Add Jar Files to a Spark Job - Spark-Submit

Add JAR files to a Spark job - spark-submit

ClassPath:

ClassPath is affected depending on what you provide. There are a couple of ways to set something on the classpath:

  • spark.driver.extraClassPath or it's alias --driver-class-path to set extra classpaths on the node running the driver.
  • spark.executor.extraClassPath to set extra class path on the Worker nodes.

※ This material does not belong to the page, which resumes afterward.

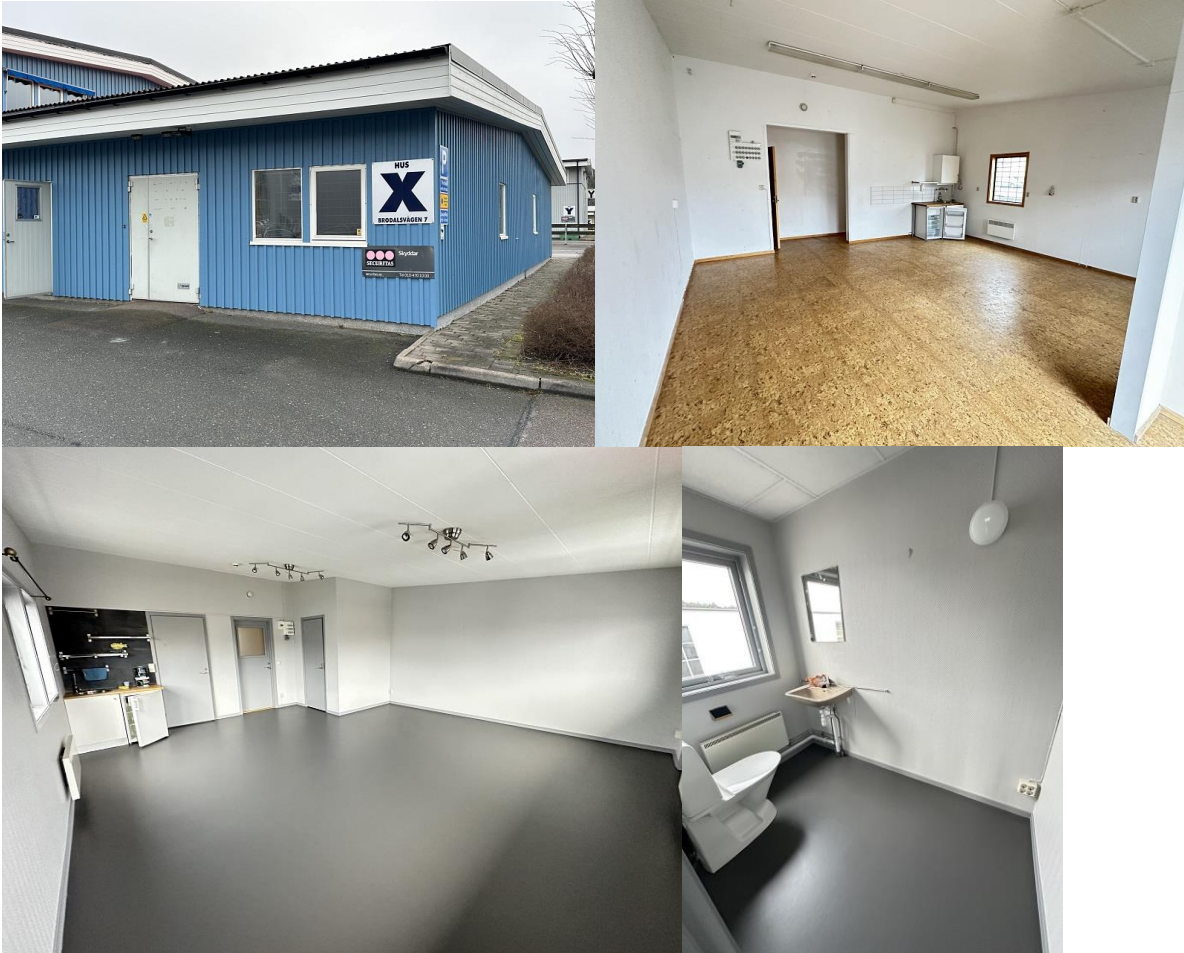
HUS X – UNDERVÅNING

Internet, larm och parkering ingår, el tillkommer.

If you want a certain JAR to be effected on both the Master and the Worker, you have to specify these separately in BOTH flags.

Separation character:

Following the same rules as the JVM:

  • Linux: A colon, :
    • e.g: --conf "spark.driver.extraClassPath=/opt/prog/hadoop-aws-2.7.1.jar:/opt/prog/aws-java-sdk-1.10.50.jar"
  • Windows: A semicolon, ;
    • e.g: --conf "spark.driver.extraClassPath=/opt/prog/hadoop-aws-2.7.1.jar;/opt/prog/aws-java-sdk-1.10.50.jar"

File distribution:

This depends on the mode which you're running your job under:

  1. Client mode - Spark fires up a Netty HTTP server which distributes the files on start up for each of the worker nodes. You can see that when you start your Spark job:

    16/05/08 17:29:12 INFO HttpFileServer: HTTP File server directory is /tmp/spark-48911afa-db63-4ffc-a298-015e8b96bc55/httpd-84ae312b-5863-4f4c-a1ea-537bfca2bc2b
    16/05/08 17:29:12 INFO HttpServer: Starting HTTP Server
    16/05/08 17:29:12 INFO Utils: Successfully started service 'HTTP file server' on port 58922.
    16/05/08 17:29:12 INFO SparkContext: Added JAR /opt/foo.jar at http://***:58922/jars/com.mycode.jar with timestamp 1462728552732
    16/05/08 17:29:12 INFO SparkContext: Added JAR /opt/aws-java-sdk-1.10.50.jar at http://***:58922/jars/aws-java-sdk-1.10.50.jar with timestamp 1462728552767
  2. Cluster mode - In cluster mode Spark selected a leader Worker node to execute the Driver process on. This means the job isn't running directly from the Master node. Here, Spark will not set an HTTP server. You have to manually make your JAR files available to all the worker nodes via HDFS, S3, or Other sources which are available to all nodes.

Accepted URI's for files

In "Submitting Applications", the Spark documentation does a good job of explaining the accepted prefixes for files:

When using spark-submit, the application jar along with any jars
included with the --jars option will be automatically transferred to
the cluster. Spark uses the following URL scheme to allow different
strategies for disseminating jars:

  • file: - Absolute paths and file:/ URIs are served by the driver’s HTTP
    file server, and every executor pulls the file from the driver HTTP
    server.
  • hdfs:, http:, https:, ftp: - these pull down files and JARs
    from the URI as expected
  • local: - a URI starting with local:/ is
    expected to exist as a local file on each worker node. This means that
    no network IO will be incurred, and works well for large files/JARs
    that are pushed to each worker, or shared via NFS, GlusterFS, etc.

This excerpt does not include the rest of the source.